Dr. Burns, finding resistance futile, at length acquiesced and made way for Miller to pass him.

The colored doctor took up his valise and crossed the platform to the car ahead. It was an old car, with faded upholstery, from which the stuffing projected here and there through torn places. Apparently the floor had not been swept for several days. The dust lay thick upon the window sills, and the water-cooler, from which he essayed to get a drink, was filled with stale water which had made no recent acquaintance with ice. There was no other passenger in the car, and Miller occupied himself in making a rough calculation of what it would cost the Southern railroads to haul a whole car for every colored passenger. It was expensive, to say the least; it would be cheaper, and quite as considerate of their feelings, to make the negroes walk.

The car was conspicuously labeled at either end with large cards, similar to those in the other car, except that they bore the word "Colored" in black letters upon a white background. The author of this piece of legislation had contrived, with an ingenuity worthy of a better cause, that not merely should the passengers be separated by the color line, but that the reason for this division should be kept constantly in mind. Lest a white man should forget that he was white,—not a very likely contingency,—these cards would keep him constantly admonished of the fact; should a colored person endeavor, for a moment, to lose sight of his disability, these staring signs would remind him continually that between him and the rest of mankind not of his own color, there was by law a great gulf fixed.

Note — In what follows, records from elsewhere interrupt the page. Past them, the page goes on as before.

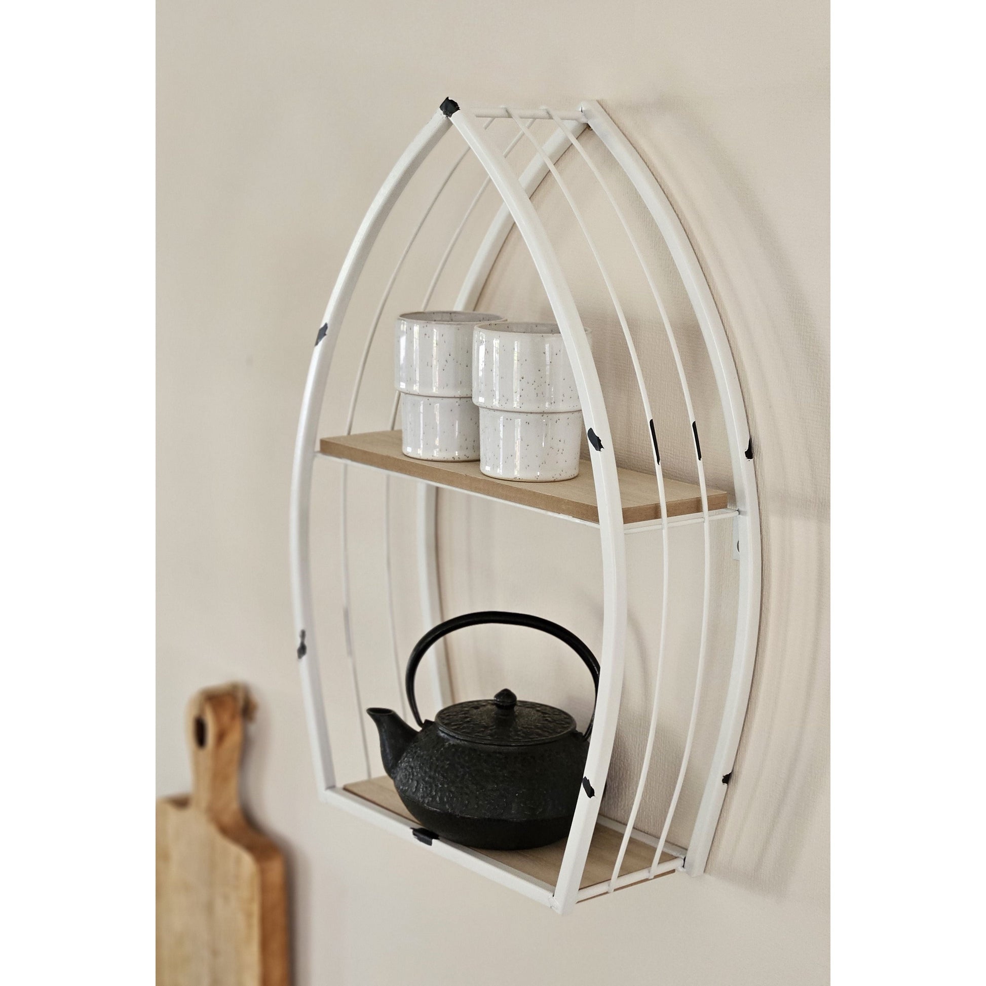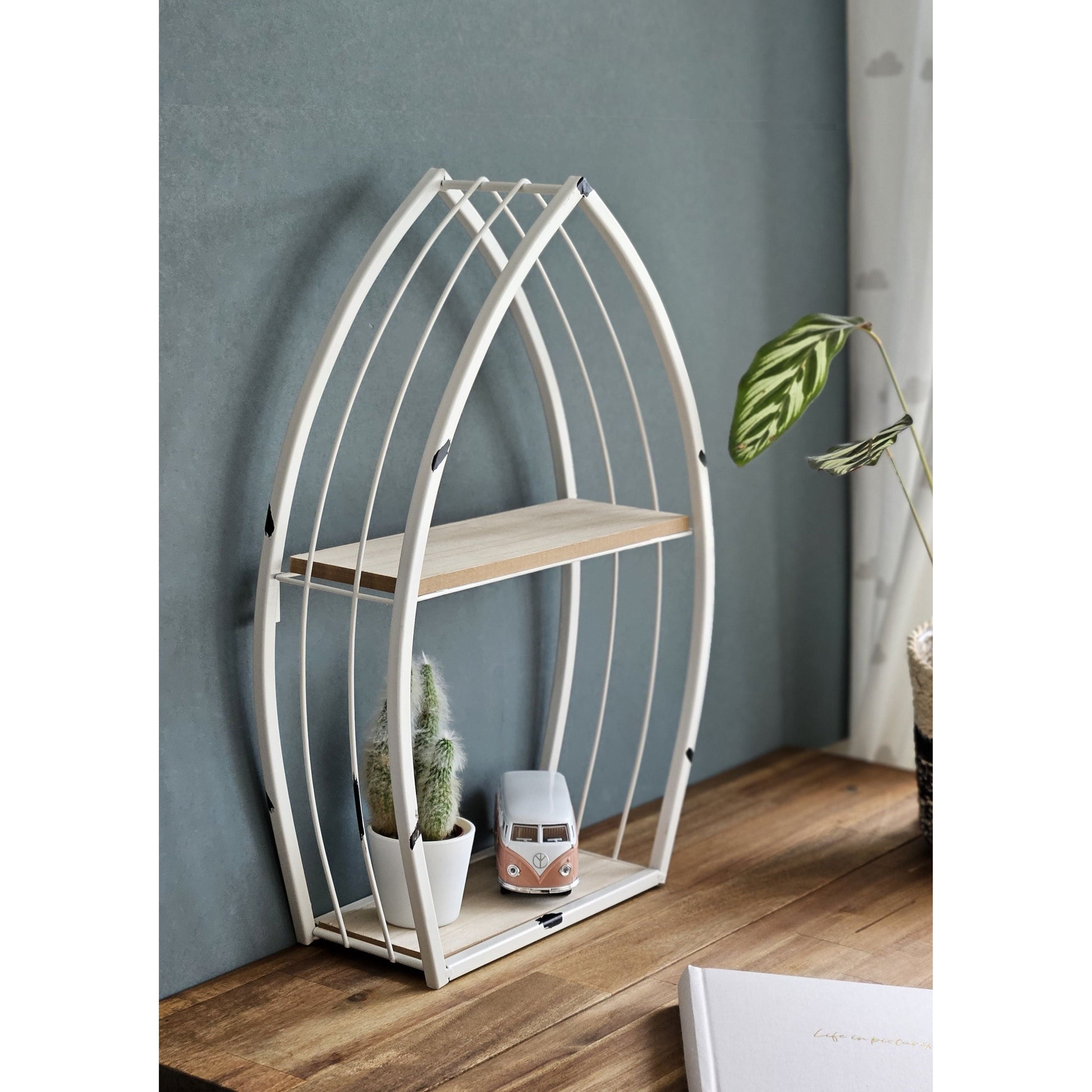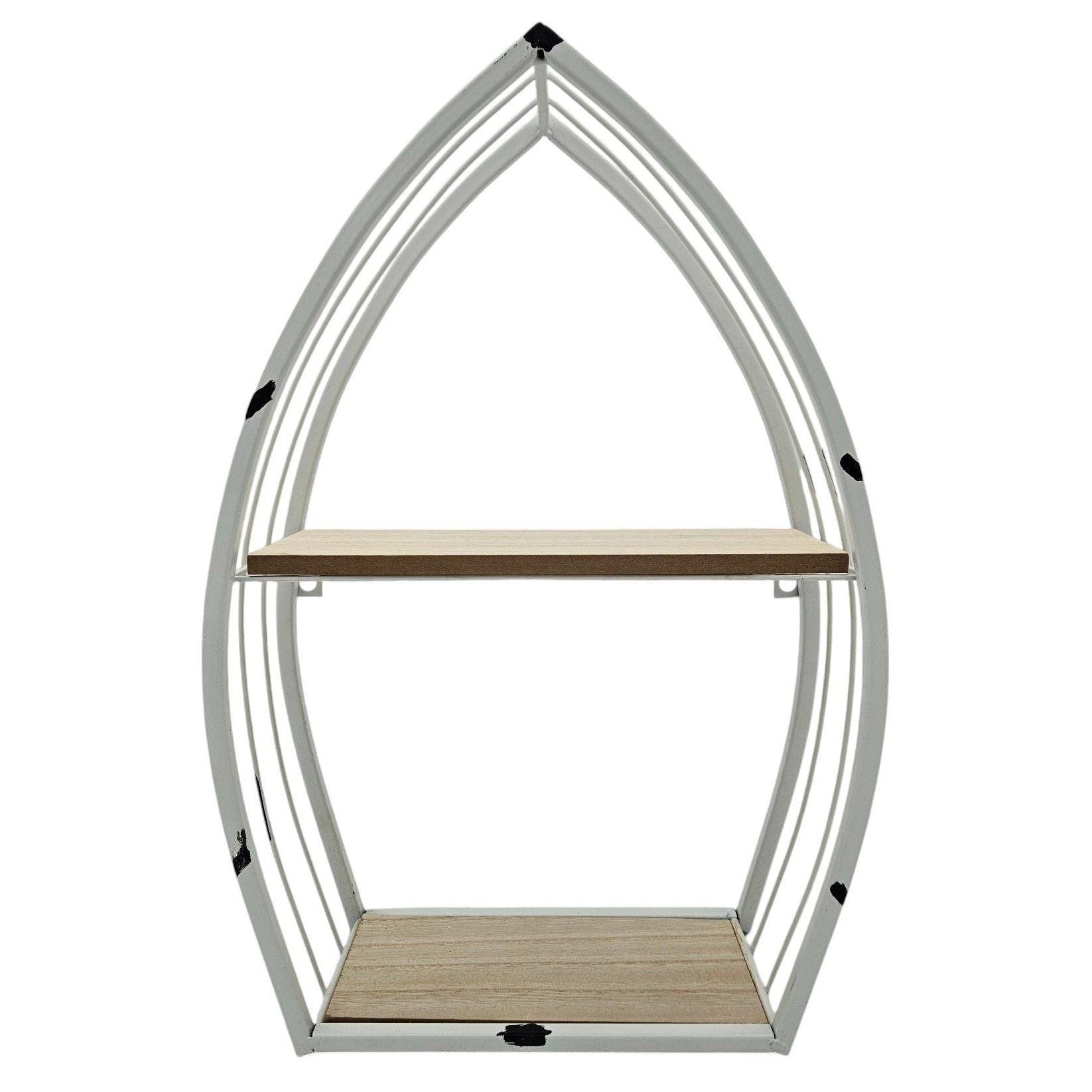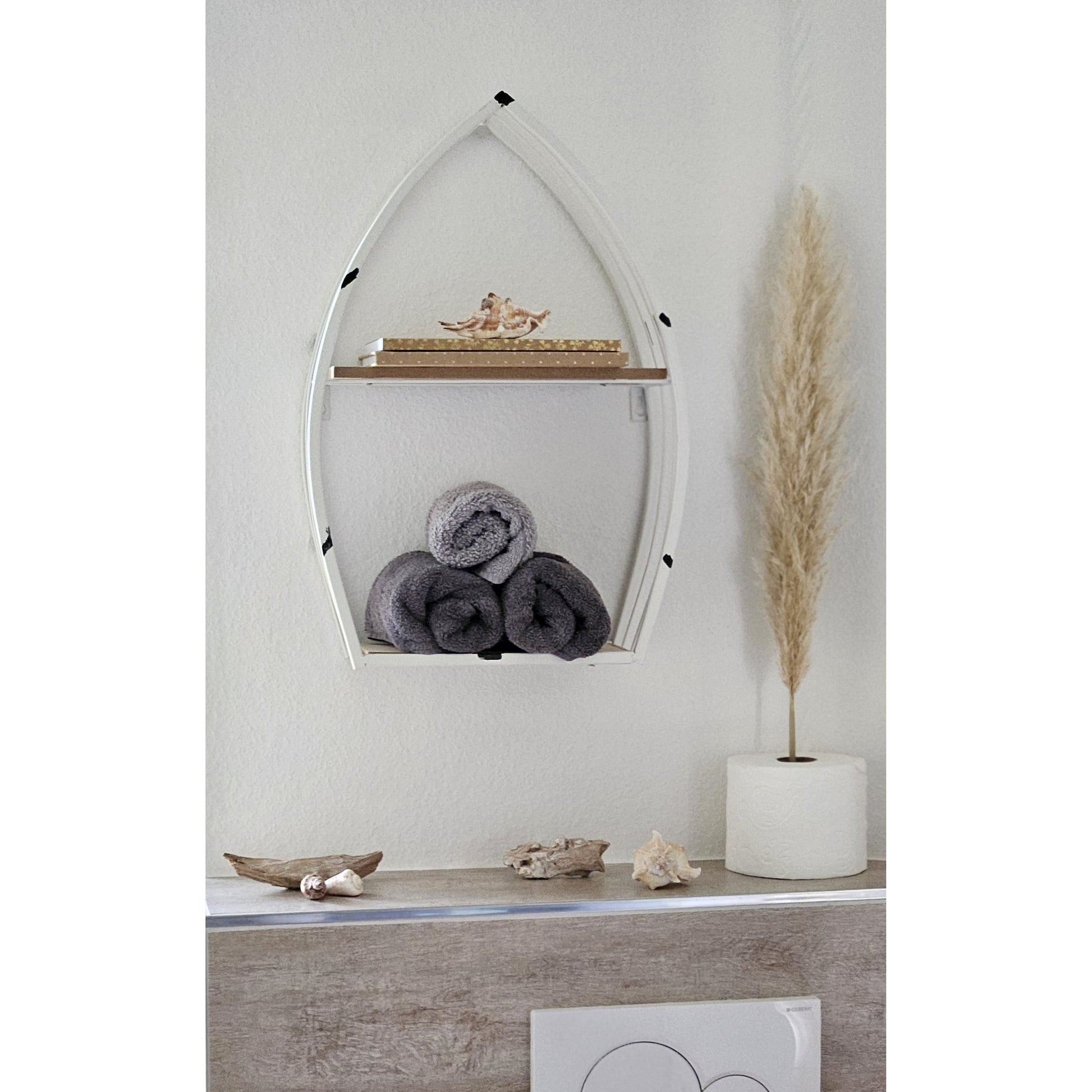 Das Bootsregal ist die perfekte Ergänzung für dein Zuhause! Mit seinem schlichten weißen Metallgestell und den Regalböden aus MDF-Holzstruktur bringt es einen dezenten maritimen Touch in jeden Raum. Ob als Wandregal oder zum Hinstellen, man kann es flexibel einsetzen. Mit den Beiden Regalböden bietet es viel Platz für Deko Artikeln, Gewürze, Parfüm, Schminke und vieles mehr .
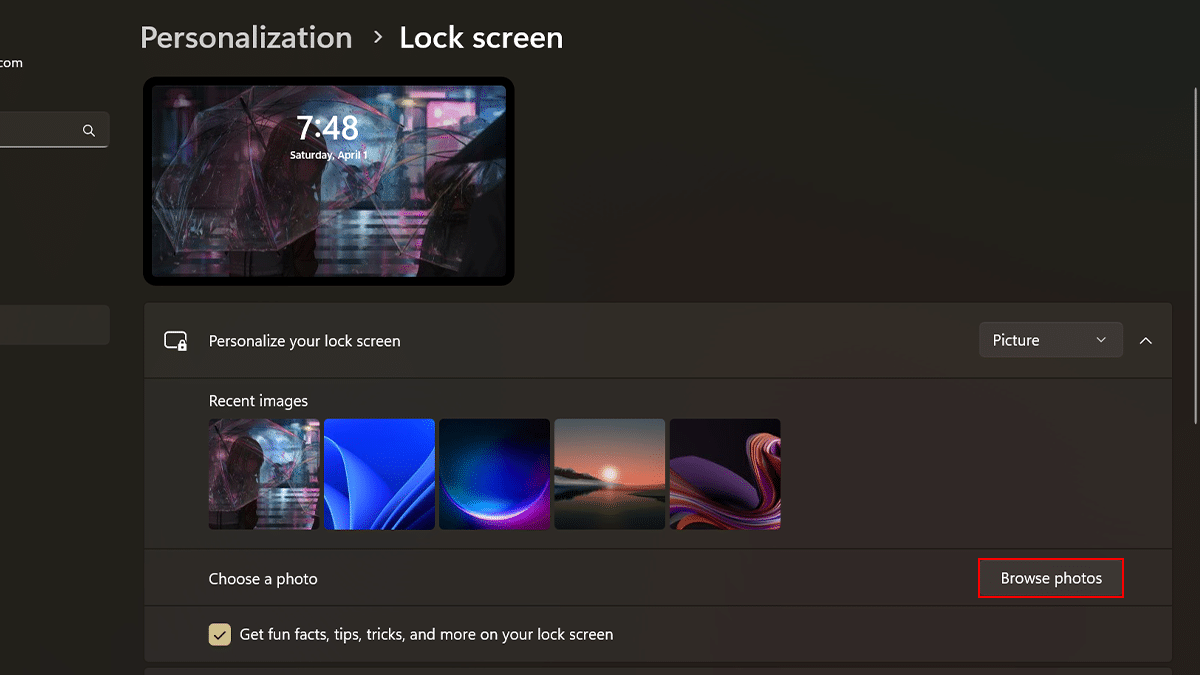 Στα Windows 11, η οθόνη κλειδώματος έρχεται συνήθως με έναΠροβολέας των Windowsχαρακτηριστικό που αλλάζει ταπετσαρία κάθε φορά που ξεκινάτε τον υπολογιστή σας.
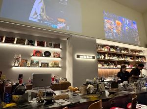 進門左手邊是調酒吧檯,螢幕是日本東京歌舞伎町一番街即時街況,現場同步日本氛圍。
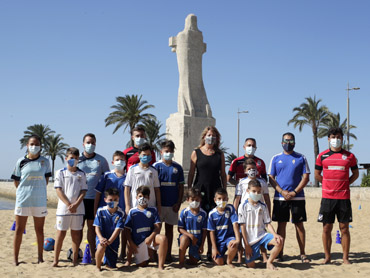 Esta mañana, la presidenta de la Autoridad Portuaria, Pilar Miranda, ha visitado a los niños, con edades comprendidas entre los 8 y 16 años, en el segundo ciclo del Campus de Fútbol Playa de Huelva, que comenzó en julio y que concluirá, en esta segunda fase a mediados de agosto.
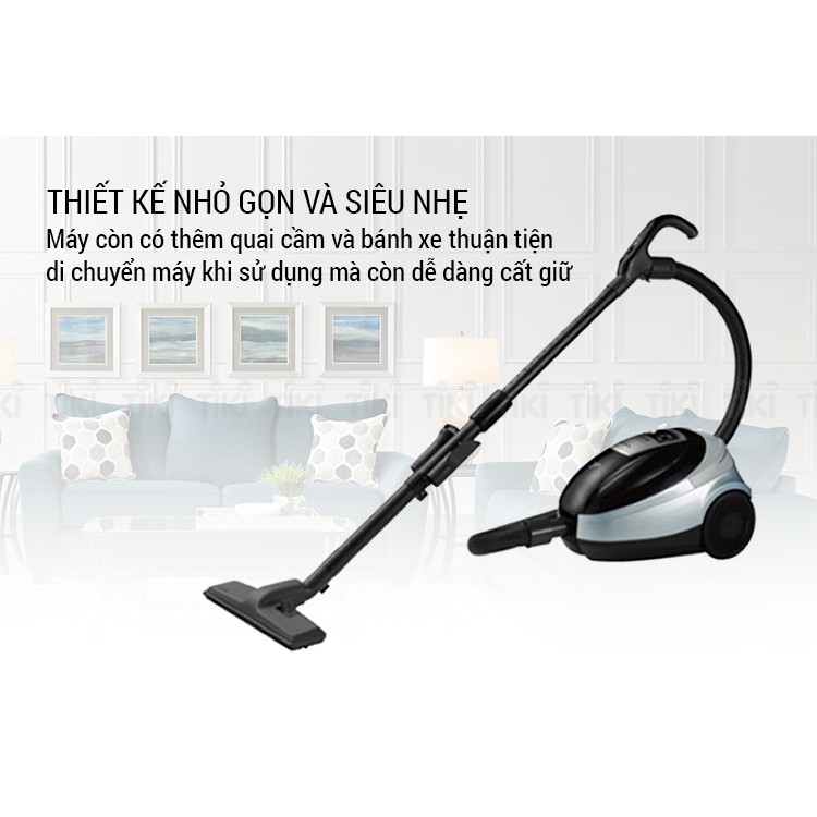 Ngoài trọng lượng nhẹ và thiết kế nhỏ gọn, máy còn có thêm quai cầm và bánh xe thuận tiện di chuyển máy khi sử dụng mà còn dễ dàng cất giữ.
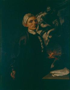 - NOTIZIE STORICO CRITICHE L'età dimostrata dal pittore lascia supporre l'esecuzione durante il periodo milanese tra il 1710 e il 1727. Pietro ligari si raffigura nel suo studio con in testa una cuffia bianca decorata di pizzo: accessorio alla moda tra i pittori suoi contemporanei. \nIl dipinto è ricco di simboli che stanno ad indicare le diverse arti praticate da Pietro: La tavolozza, i pennelli e lo ... simboleggiano la pittura, mentre il compasso e la matita appoggiati sul tavaolino rimandano al disegno e all'architettura. Le arti applicate sono sottintese dalle due figure femminili, che si abbracciano sullo sfondo, una con la squadra, l'altra con il mazzuolo.\nSullo sfondo a destra, in penombra, è possibile individuare un cavalletto, forse lo stesso su cui è appoggiato questo dipinto, cavalletto appartenuto a Pietro Ligari e proveniente dal suo studio.
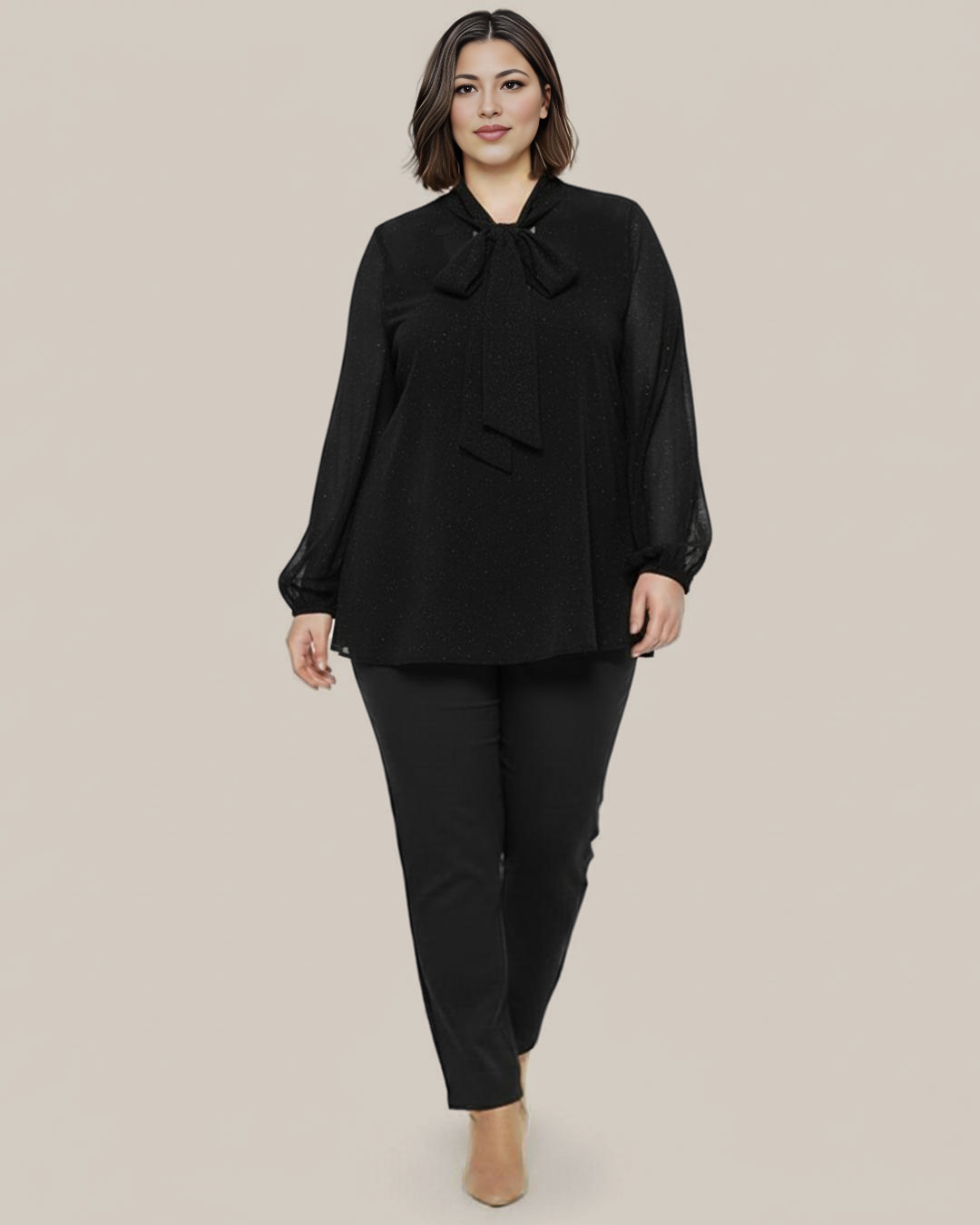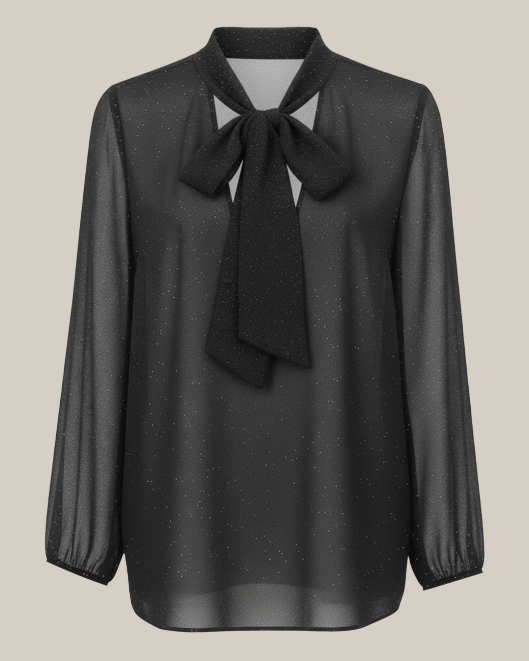 Blusa Luxe ▷ ¡Deslumbra con la elegancia más sofisticada este invierno! Esta blusa destaca por su tejido de gasa con sutiles destellos brillantes. Su diseño incluye un elegante cuello con lazada y mangas fluidas que aportan un movimiento espectacular a tus looks de fiesta. ¡Brilla con luz propia en Quiles_Shop!💛

Having composed himself, Miller had opened a newspaper, and was deep in an editorial which set forth in glowing language the inestimable advantages which would follow to certain recently acquired islands by the introduction of American liberty, when the rear door of the car opened to give entrance to Captain George McBane, who took a seat near the door and lit a cigar. Miller knew him quite well by sight and by reputation, and detested him as heartily. He represented the aggressive, offensive element among the white people of the New South, who made it hard for a negro to maintain his self-respect or to enjoy even the rights conceded to colored men by Southern laws. McBane had undoubtedly identified him to the conductor in the other car. Miller had no desire to thrust himself upon the society of white people, which, indeed, to one who had traveled so much and so far, was no novelty; but he very naturally resented being at this late day—the law had been in operation only a few months—branded and tagged and set apart from the rest of mankind upon the public highways, like an unclean thing. Nevertheless, he preferred even this to the exclusive society of Captain George McBane.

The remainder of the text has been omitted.